#### PROBLEM REQUIREMENTS
Exclude the pictures and repeat all of the data exactly.

#### RECORDS FOR PROCESSING
══════════════════════════════

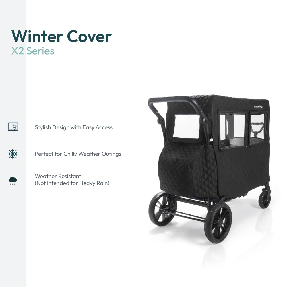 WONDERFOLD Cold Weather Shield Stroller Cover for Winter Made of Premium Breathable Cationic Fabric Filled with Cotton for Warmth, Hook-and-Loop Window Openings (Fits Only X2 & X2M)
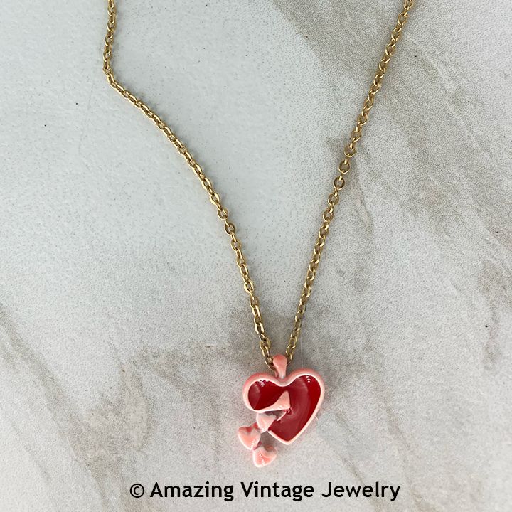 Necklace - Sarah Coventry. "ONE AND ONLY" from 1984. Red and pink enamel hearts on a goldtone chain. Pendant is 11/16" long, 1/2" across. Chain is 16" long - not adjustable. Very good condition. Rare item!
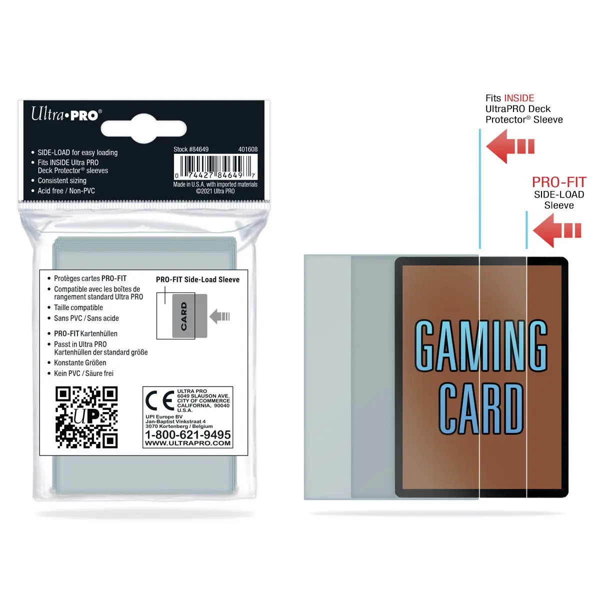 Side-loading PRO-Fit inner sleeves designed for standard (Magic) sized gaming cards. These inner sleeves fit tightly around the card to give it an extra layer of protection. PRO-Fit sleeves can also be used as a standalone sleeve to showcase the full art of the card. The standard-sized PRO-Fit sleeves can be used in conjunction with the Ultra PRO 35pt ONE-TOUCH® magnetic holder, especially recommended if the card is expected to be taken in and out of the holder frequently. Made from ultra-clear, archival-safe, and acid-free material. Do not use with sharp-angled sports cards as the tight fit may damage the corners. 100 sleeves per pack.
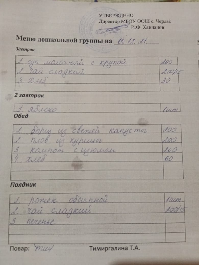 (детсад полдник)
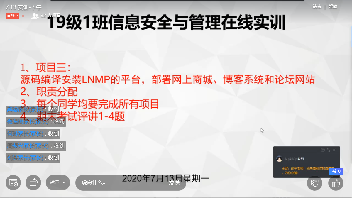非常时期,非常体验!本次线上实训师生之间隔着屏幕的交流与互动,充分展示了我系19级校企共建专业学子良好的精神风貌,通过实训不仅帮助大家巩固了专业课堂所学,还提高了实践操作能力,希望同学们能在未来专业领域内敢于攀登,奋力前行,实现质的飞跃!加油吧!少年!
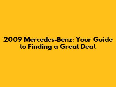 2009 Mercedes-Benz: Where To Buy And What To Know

══════════════════════════════

#### RESULT OF THE TASK
 WONDERFOLD Cold Weather Shield Stroller Cover for Winter Made of Premium Breathable Cationic Fabric Filled with Cotton for Warmth, Hook-and-Loop Window Openings (Fits Only X2 & X2M)
 Necklace - Sarah Coventry. "ONE AND ONLY" from 1984. Red and pink enamel hearts on a goldtone chain. Pendant is 11/16" long, 1/2" across. Chain is 16" long - not adjustable. Very good condition. Rare item!
 Side-loading PRO-Fit inner sleeves designed for standard (Magic) sized gaming cards. These inner sleeves fit tightly around the card to give it an extra layer of protection. PRO-Fit sleeves can also be used as a standalone sleeve to showcase the full art of the card. The standard-sized PRO-Fit sleeves can be used in conjunction with the Ultra PRO 35pt ONE-TOUCH® magnetic holder, especially recommended if the card is expected to be taken in and out of the holder frequently. Made from ultra-clear, archival-safe, and acid-free material. Do not use with sharp-angled sports cards as the tight fit may damage the corners. 100 sleeves per pack.
 (детсад полдник)
非常时期,非常体验!本次线上实训师生之间隔着屏幕的交流与互动,充分展示了我系19级校企共建专业学子良好的精神风貌,通过实训不仅帮助大家巩固了专业课堂所学,还提高了实践操作能力,希望同学们能在未来专业领域内敢于攀登,奋力前行,实现质的飞跃!加油吧!少年!
 2009 Mercedes-Benz: Where To Buy And What To Know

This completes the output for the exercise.